| WORK TO COMPLETE |
Only the pictures are dropped. Restate each line below word for word.

| SUPPLIED MATERIAL |
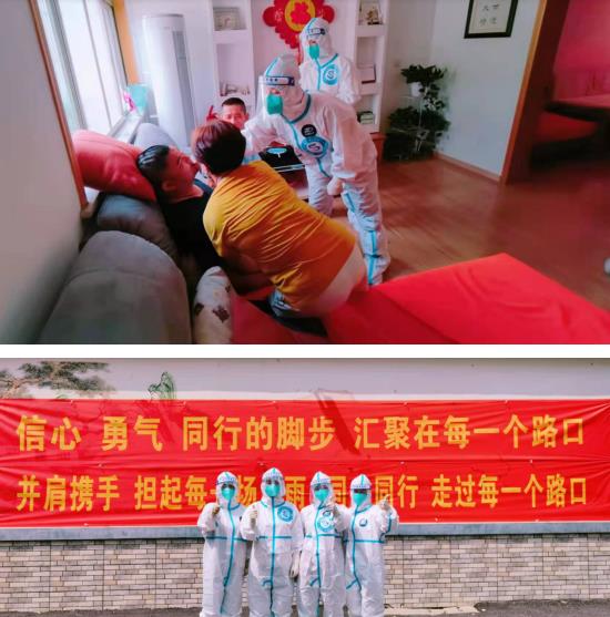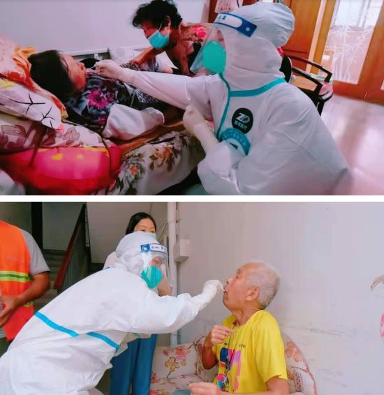 為了全面保障廣大居民的生命安全,醫(yī)護(hù)人員以及社區(qū)工作人員全部穿上厚厚的防護(hù)服進(jìn)入居民家中。每到一位殘疾人家中,醫(yī)護(hù)人員都會對他們進(jìn)行詳細(xì)的信息登記,一邊耐心安撫,一邊小心、迅速地完成采樣,手法嫻熟,盡量減少殘疾人群體的不適感,讓他們感到耐心又舒心。當(dāng)工作人員脫下防護(hù)服時,渾身都被汗水浸濕,顧不上休息,就又抓緊時間趕往下一家進(jìn)行核酸檢測。
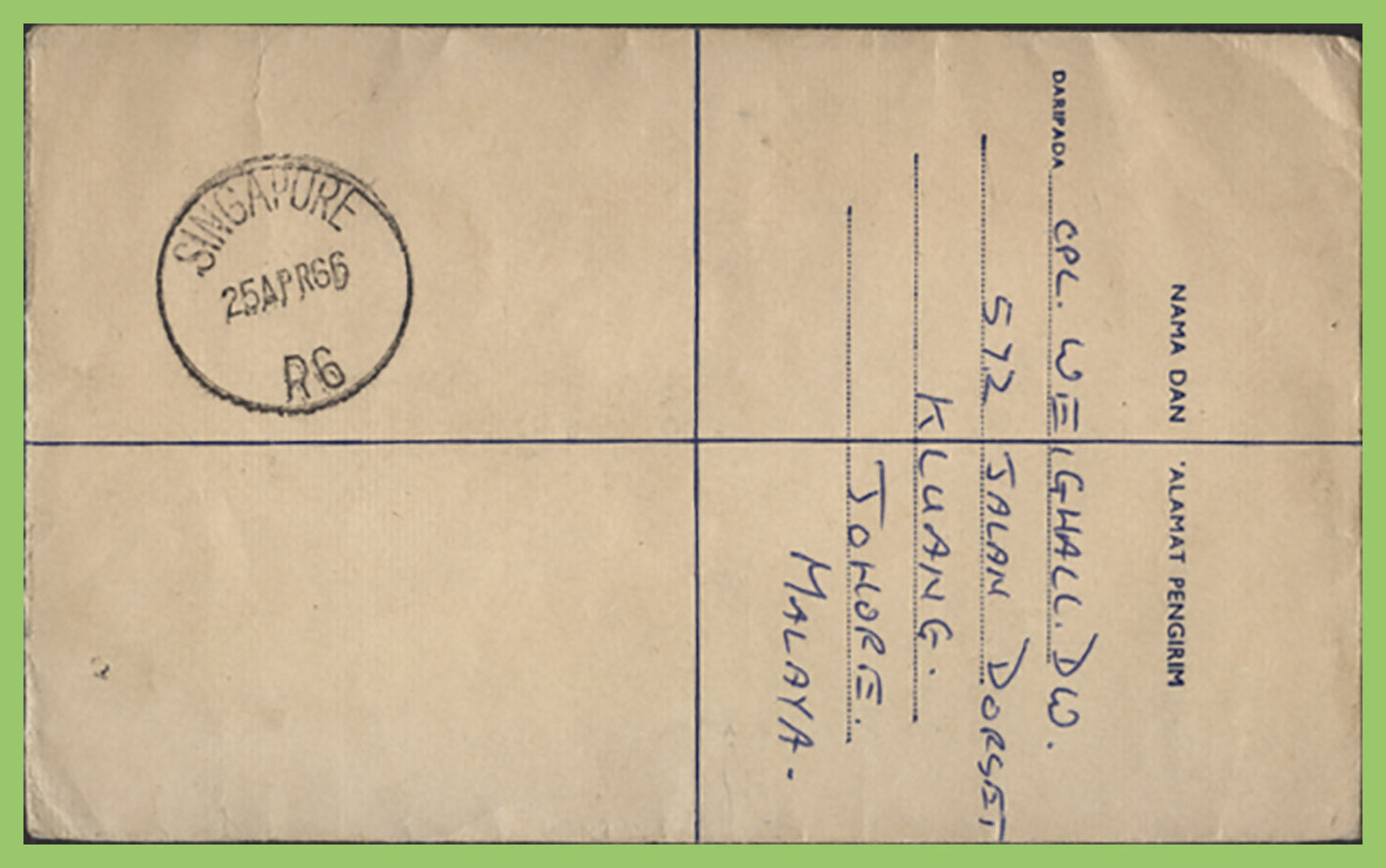 Malaya-Johor 1966 uprated registered 'Kluang' cover to England
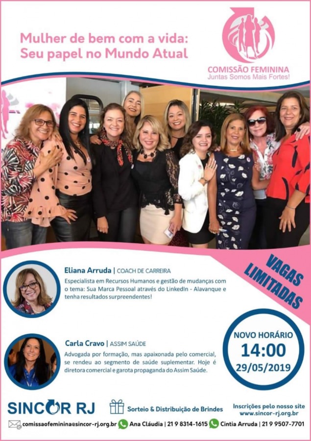 Para participar, é só entrar em contato através dos telefones (21) 98314-1615 (Ana Claudia), (21) 99507-7701 (Cintia Arruda) ou através do e-mail ou pelo site www.sincor-rj.org.br O encontro conta com sorteio de brindes.

| TASK SOLUTION |
 為了全面保障廣大居民的生命安全,醫(yī)護(hù)人員以及社區(qū)工作人員全部穿上厚厚的防護(hù)服進(jìn)入居民家中。每到一位殘疾人家中,醫(yī)護(hù)人員都會對他們進(jìn)行詳細(xì)的信息登記,一邊耐心安撫,一邊小心、迅速地完成采樣,手法嫻熟,盡量減少殘疾人群體的不適感,讓他們感到耐心又舒心。當(dāng)工作人員脫下防護(hù)服時,渾身都被汗水浸濕,顧不上休息,就又抓緊時間趕往下一家進(jìn)行核酸檢測。
 Malaya-Johor 1966 uprated registered 'Kluang' cover to England
 Para participar, é só entrar em contato através dos telefones (21) 98314-1615 (Ana Claudia), (21) 99507-7701 (Cintia Arruda) ou através do e-mail ou pelo site www.sincor-rj.org.br O encontro conta com sorteio de brindes.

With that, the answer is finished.